Written by on 15 March 2025

Mental Health Awareness Week (12 – 18 May 2025)

Hi, I’m Rhian, one of the presenters on RadioHLR and this May, to coincide with Mental Health Awareness Week, I’m making a show about mental health. The show will focus on sharing personal stories and raising awareness about mental health in order to get people talking about it.

I’m inviting you to share your own experiences with mental health. Your story could offer valuable support and understanding to others. If you’re comfortable, I’d love to include your audio message in my show.

If you’d like to contribute, you can:

  • Send me a direct message on Facebook.
  • Message my Facebook page, @radiorhian.
  • Message RadioHLR @radiohlr.
  • Send me a WhatsApp audio file to 07928232469.

Thank you for considering sharing your story.

About me and my mental health

I’m 33 years old and have struggled with my mental health on and off for several years. The most significant episode occurred four years ago, just before my 30th birthday. Feeling lost and unsure of my direction in life, I reached a very low point. I felt like I didn’t want to be here anymore, but I knew I could never take my own life. I had lost a partner who didn’t choose to die, and I felt it would be wrong to make that choice when he never had the option. At that time, I would have gladly traded places with him. This thought became a driving force, pushing me to build a life he would have been grateful for.

Before this episode, I had experienced mental health challenges, including anxiety in social situations. I sought help, engaged in therapy, and took medication, which helped me recover. However, life has a way of presenting new challenges. As I approached 30, the uncertainty about my future and the pressures of new jobs began to overwhelm me. People around me noticed I wasn’t doing well, and I recognised it myself. So, I contacted my doctor and restarted therapy and medication. I made progress, but life threw another curveball, requiring me to increase my medication dosage to manage daily life. Work became a major source of stress, prompting me to seek new employment. I also applied for further therapy.
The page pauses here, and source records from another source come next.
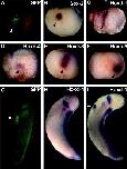 Fig. 5. Ectopic areas of neural activation after injection of tBr and FGF-4 in a ventral animal blastomere at 32-cell stage show AP patterning gene expression independent of the organizer. (A, G) Lineage tracing with GFP (arrowheads) after coinjection of the mRNAs of tBr, FGF-4, and EGFP. (A) Ventrolateral view at stage 18. The head is to the left. (B) The embryo from (A) after in situ hybridization for the neural marker Sox-2 shows ectopic ventrolateral Sox-2 expression (arrowhead). (C) Ectopic expression of tBr and FGF-4 results in an ectopic Hoxd-1 domain at stage 18 (arrowhead). (D) Ectopic expression of tBr and FGF-4 results in an ectopic Hoxd-4 domain at stage 18 (arrowhead). (E) Ectopic expression of tBr and FGF-4 results in an ectopic Hoxc-6 domain at stage 18 (arrowhead). (F) Ectopic expression of tBr and FGF-4 results in an ectopic Hoxb-9 domain at stage 18 (arrowhead). (G) A lateral view at stage 28. The head is up and ventral to the left. The arrowhead indicates the GFP domain. (H) Lateral view of a normal embryo at stage 30 showing Hoxd-4 expression. (I) Lateral view of an injected embryo at stage 30 showing an ectopic ventral patch of Hoxd-4 expression (arrowhead).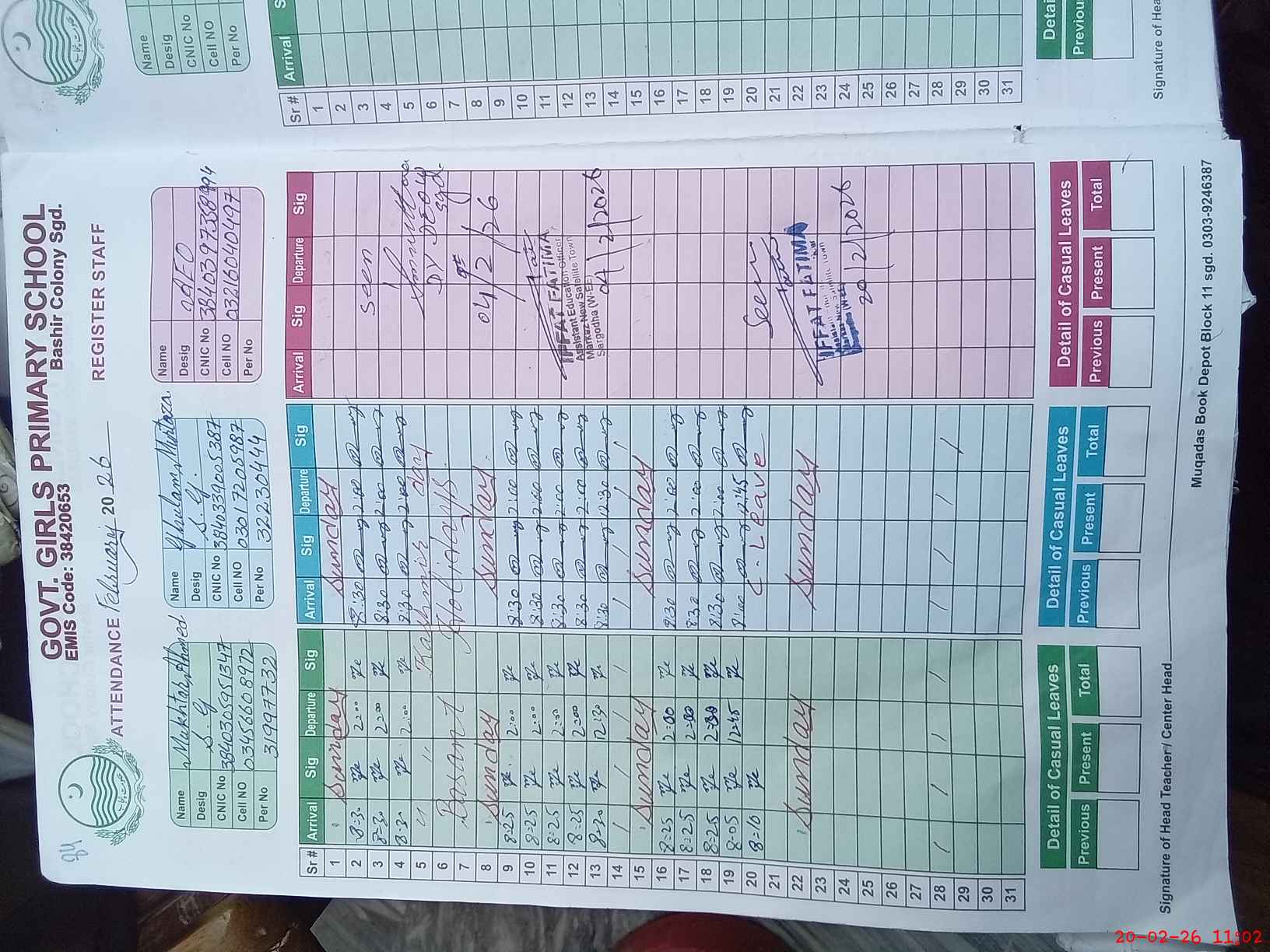 | Name: BU**** QA**** Designation: (School Headmaster's/Headmistress's) PST Phone/Cell Number: 03**** |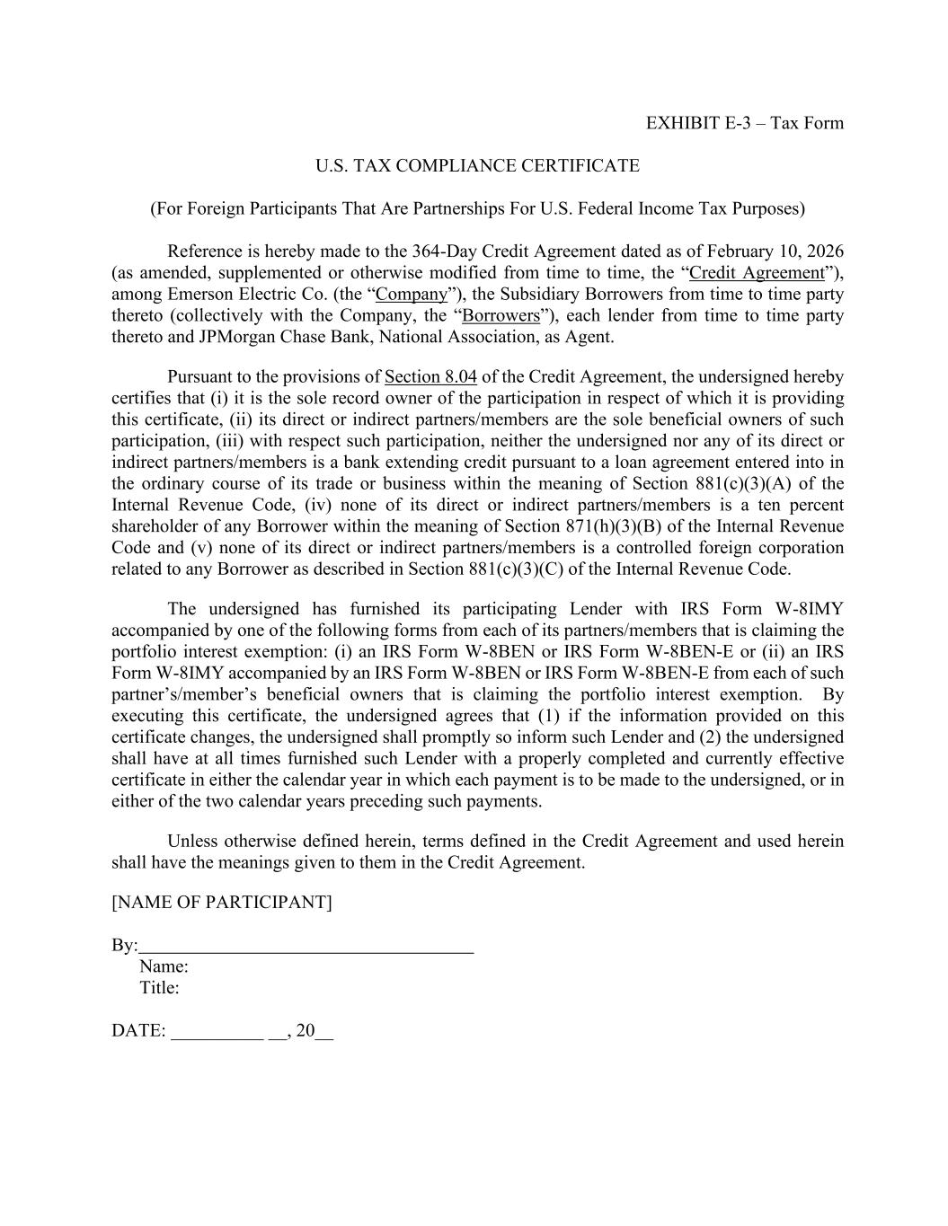 EXHIBIT E-3 – Tax Form U.S. TAX COMPLIANCE CERTIFICATE (For Foreign Participants That Are Partnerships For U.S. Federal Income Tax Purposes) Reference is hereby made to the 364-Day Credit Agreement dated as of February 10, 2026 (as amended, supplemented or otherwise modified from time to time, the “Credit Agreement”), among Emerson Electric Co. (the “Company”), the Subsidiary Borrowers from time to time party thereto (collectively with the Company, the “Borrowers”), each lender from time to time party thereto and JPMorgan Chase Bank, National Association, as Agent. Pursuant to the provisions of Section 8.04 of the Credit Agreement, the undersigned hereby certifies that (i) it is the sole record owner of the participation in respect of which it is providing this certificate, (ii) its direct or indirect partners/members are the sole beneficial owners of such participation, (iii) with respect such participation, neither the undersigned nor any of its direct or indirect partners/members is a bank extending credit pursuant to a loan agreement entered into in the ordinary course of its trade or business within the meaning of Section 881(c)(3)(A) of the Internal Revenue Code, (iv) none of its direct or indirect partners/members is a ten percent shareholder of any Borrower within the meaning of Section 871(h)(3)(B) of the Internal Revenue Code and (v) none of its direct or indirect partners/members is a controlled foreign corporation related to any Borrower as described in Section 881(c)(3)(C) of the Internal Revenue Code. The undersigned has furnished its participating Lender with IRS Form W-8IMY accompanied by one of the following forms from each of its partners/members that is claiming the portfolio interest exemption: (i) an IRS Form W-8BEN or IRS Form W-8BEN-E or (ii) an IRS Form W-8IMY accompanied by an IRS Form W-8BEN or IRS Form W-8BEN-E from each of such partner’s/member’s beneficial owners that is claiming the portfolio interest exemption. By executing this certificate, the undersigned agrees that (1) if the information provided on this certificate changes, the undersigned shall promptly so inform such Lender and (2) the undersigned shall have at all times furnished such Lender with a properly completed and currently effective certificate in either the calendar year in which each payment is to be made to the undersigned, or in either of the two calendar years preceding such payments. Unless otherwise defined herein, terms defined in the Credit Agreement and used herein shall have the meanings given to them in the Credit Agreement. [NAME OF PARTICIPANT] By: Name: Title: DATE: __________ __, 20__

I tried to keep moving forward, but then I experienced another devastating blow: my father’s death. Coupled with a toxic work environment, life became incredibly difficult. During this period, my mental health took control, and I felt like I was on autopilot. Eventually, my father passed away, and I changed jobs.

When I started my new job, I decided to stop taking medication. After a year on the waiting list, I resumed therapy. This proved immensely helpful, providing a safe space to express my thoughts and emotions. Now, a year after stopping medication, I can’t say I’m completely fine. Without the medication, my emotions have returned in full force. However, I’ve learned to accept the necessary ‘cry days’ and recognise when I’m not doing well. I also appreciate the good days, enjoy my hobbies, and find projects like this helpful in sharing my message: It’s okay not to be okay. You may experience low days or weeks, but things will improve, and you will get through it. Remember, you’re not alone, and this difficult period won’t last forever.